[Data excerpts]
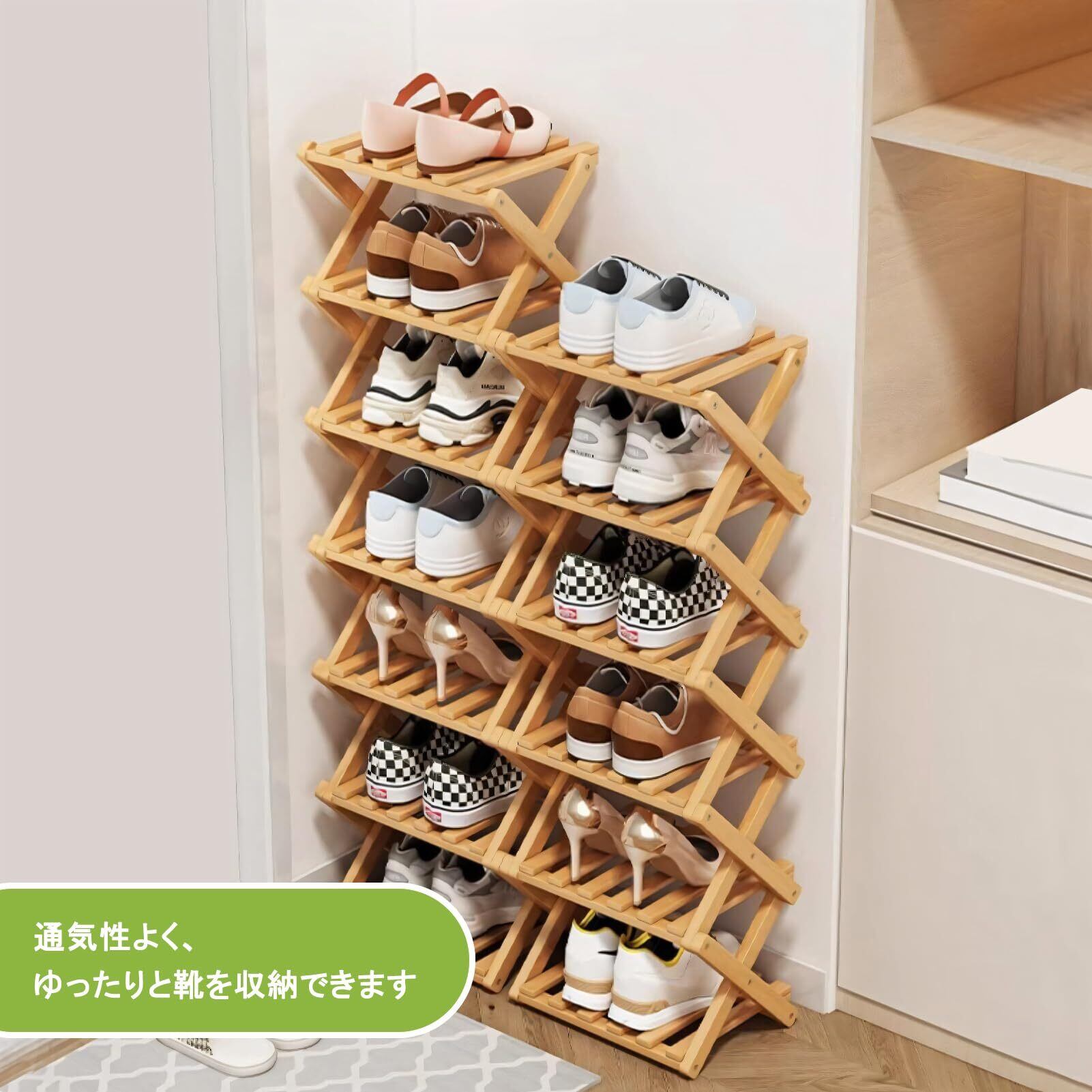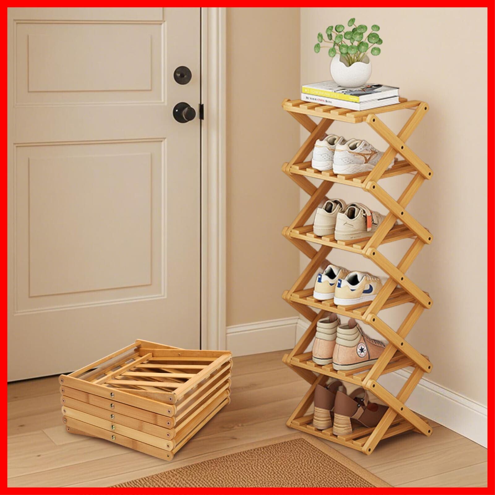 FYY シューズラック スリム 折りたたみ可能 靴箱 靴棚 下駄箱 靴 収納 シューズボックス 完成品 玄関収納 省スペース コンパクト 収納棚 靴置き 竹製 軽量 すき間 幅26cm 奥行26cm ひとり暮らし 組立不要
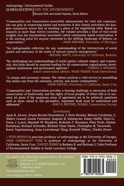 J. Peter Brosius is associate professor of anthropology at the University of Georgia. Anna Lowenhaupt Tsing is professor of anthropology at the University of California, Santa Cruz. Charles Zerner is the Barbara B. and Bertram J. Cohn Professor of Environmental Studies at Sarah Lawrence College and co-director of the Environmental Studies/Science, Technology and Society Colloquium Series.
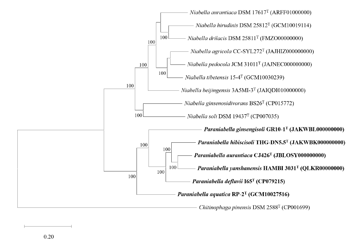 In this study, a novel bacterium, designated strain CJ426T, was isolated from ginseng soil and characterized using a polyphasic taxonomic approach in comparison with related type strains. Based on polyphasic taxonomic analyses, strain CJ426T is proposed as a novel species and genus, for which the name Paraniabella aurantiaca gen. nov., sp. nov. is proposed. Furthermore, genome-based phylogenetic analyses suggest that the closely related phylogenetic neighbours N. aquatica, N. defluvii, N. ginsengisoli, N. hibiscisoli, and N. yanshanensis be reclassified into this novel genus.
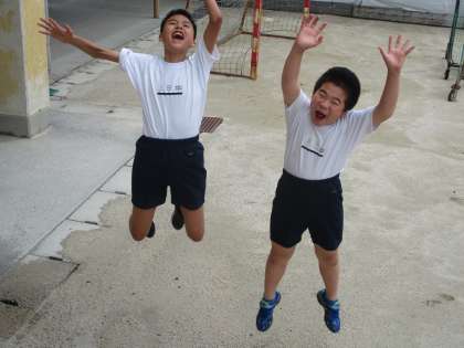グランドでは,1年生と一部の2年生,それに6組の生徒が遊んでいました。
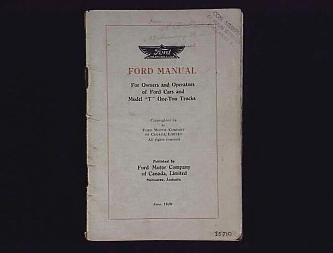 Instruction book for Ford Model T cars and one-ton trucks dated June 1919. Published by the Ford Motor Co. of Canada Ltd., Melbourne, Australia.

# Work item:
Transcribe the data exactly and leave no picture in the copy.

# Response area:
 FYY シューズラック スリム 折りたたみ可能 靴箱 靴棚 下駄箱 靴 収納 シューズボックス 完成品 玄関収納 省スペース コンパクト 収納棚 靴置き 竹製 軽量 すき間 幅26cm 奥行26cm ひとり暮らし 組立不要
 J. Peter Brosius is associate professor of anthropology at the University of Georgia. Anna Lowenhaupt Tsing is professor of anthropology at the University of California, Santa Cruz. Charles Zerner is the Barbara B. and Bertram J. Cohn Professor of Environmental Studies at Sarah Lawrence College and co-director of the Environmental Studies/Science, Technology and Society Colloquium Series.
 In this study, a novel bacterium, designated strain CJ426T, was isolated from ginseng soil and characterized using a polyphasic taxonomic approach in comparison with related type strains. Based on polyphasic taxonomic analyses, strain CJ426T is proposed as a novel species and genus, for which the name Paraniabella aurantiaca gen. nov., sp. nov. is proposed. Furthermore, genome-based phylogenetic analyses suggest that the closely related phylogenetic neighbours N. aquatica, N. defluvii, N. ginsengisoli, N. hibiscisoli, and N. yanshanensis be reclassified into this novel genus.
グランドでは,1年生と一部の2年生,それに6組の生徒が遊んでいました。
 Instruction book for Ford Model T cars and one-ton trucks dated June 1919. Published by the Ford Motor Co. of Canada Ltd., Melbourne, Australia.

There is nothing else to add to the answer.